#### [Your task]
Transcribe each record precisely; images stay out.

#### [Material provided]
* * * *

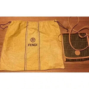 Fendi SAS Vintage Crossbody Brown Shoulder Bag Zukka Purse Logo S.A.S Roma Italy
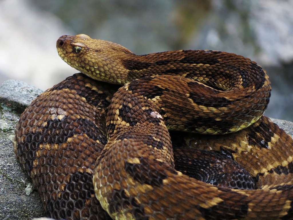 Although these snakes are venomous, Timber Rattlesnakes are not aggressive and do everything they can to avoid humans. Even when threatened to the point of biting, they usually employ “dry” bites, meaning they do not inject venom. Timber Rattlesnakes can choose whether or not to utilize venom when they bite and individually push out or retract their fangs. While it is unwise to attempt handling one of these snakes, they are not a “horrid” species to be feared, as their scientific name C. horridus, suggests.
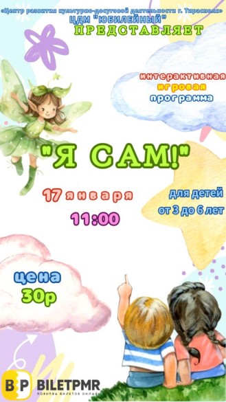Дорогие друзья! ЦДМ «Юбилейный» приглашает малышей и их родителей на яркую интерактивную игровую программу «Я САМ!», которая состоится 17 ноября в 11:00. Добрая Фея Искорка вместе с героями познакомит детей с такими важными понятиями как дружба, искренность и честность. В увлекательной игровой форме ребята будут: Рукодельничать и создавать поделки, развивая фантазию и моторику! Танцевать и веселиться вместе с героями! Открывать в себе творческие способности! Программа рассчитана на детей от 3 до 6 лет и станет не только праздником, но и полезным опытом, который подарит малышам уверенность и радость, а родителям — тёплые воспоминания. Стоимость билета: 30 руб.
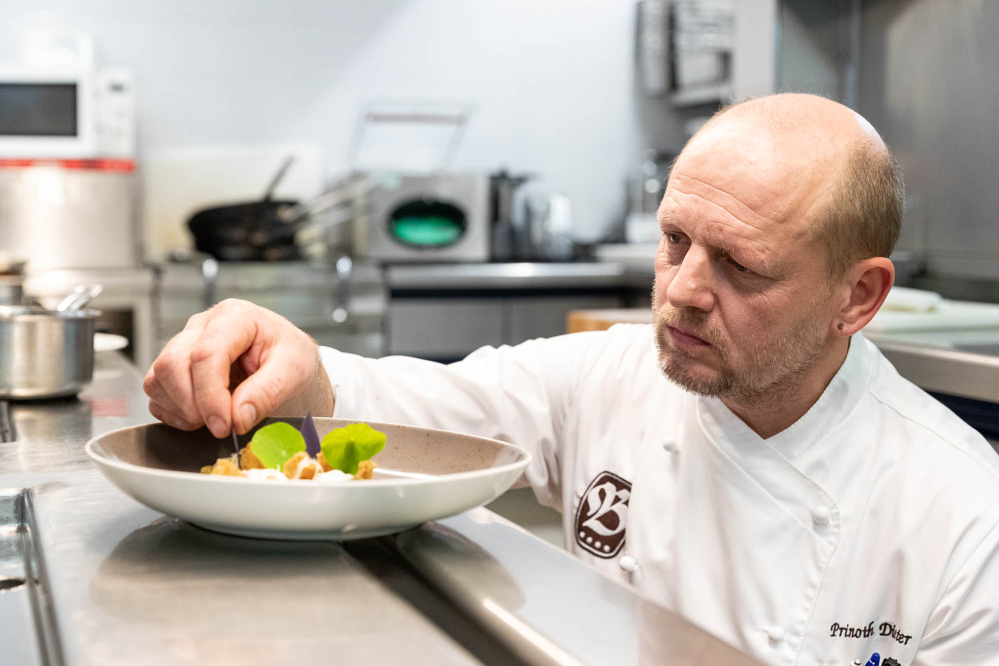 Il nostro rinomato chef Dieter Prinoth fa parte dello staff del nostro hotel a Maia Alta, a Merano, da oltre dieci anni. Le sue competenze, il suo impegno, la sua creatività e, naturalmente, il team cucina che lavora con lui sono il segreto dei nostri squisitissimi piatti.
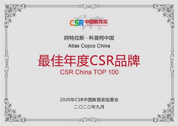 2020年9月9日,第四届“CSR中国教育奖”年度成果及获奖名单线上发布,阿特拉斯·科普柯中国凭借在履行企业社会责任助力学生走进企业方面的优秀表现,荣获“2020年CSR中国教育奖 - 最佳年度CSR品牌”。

* * * *

#### [Your response]
 Fendi SAS Vintage Crossbody Brown Shoulder Bag Zukka Purse Logo S.A.S Roma Italy
 Although these snakes are venomous, Timber Rattlesnakes are not aggressive and do everything they can to avoid humans. Even when threatened to the point of biting, they usually employ “dry” bites, meaning they do not inject venom. Timber Rattlesnakes can choose whether or not to utilize venom when they bite and individually push out or retract their fangs. While it is unwise to attempt handling one of these snakes, they are not a “horrid” species to be feared, as their scientific name C. horridus, suggests.
Дорогие друзья! ЦДМ «Юбилейный» приглашает малышей и их родителей на яркую интерактивную игровую программу «Я САМ!», которая состоится 17 ноября в 11:00. Добрая Фея Искорка вместе с героями познакомит детей с такими важными понятиями как дружба, искренность и честность. В увлекательной игровой форме ребята будут: Рукодельничать и создавать поделки, развивая фантазию и моторику! Танцевать и веселиться вместе с героями! Открывать в себе творческие способности! Программа рассчитана на детей от 3 до 6 лет и станет не только праздником, но и полезным опытом, который подарит малышам уверенность и радость, а родителям — тёплые воспоминания. Стоимость билета: 30 руб.
 Il nostro rinomato chef Dieter Prinoth fa parte dello staff del nostro hotel a Maia Alta, a Merano, da oltre dieci anni. Le sue competenze, il suo impegno, la sua creatività e, naturalmente, il team cucina che lavora con lui sono il segreto dei nostri squisitissimi piatti.
 2020年9月9日,第四届“CSR中国教育奖”年度成果及获奖名单线上发布,阿特拉斯·科普柯中国凭借在履行企业社会责任助力学生走进企业方面的优秀表现,荣获“2020年CSR中国教育奖 - 最佳年度CSR品牌”。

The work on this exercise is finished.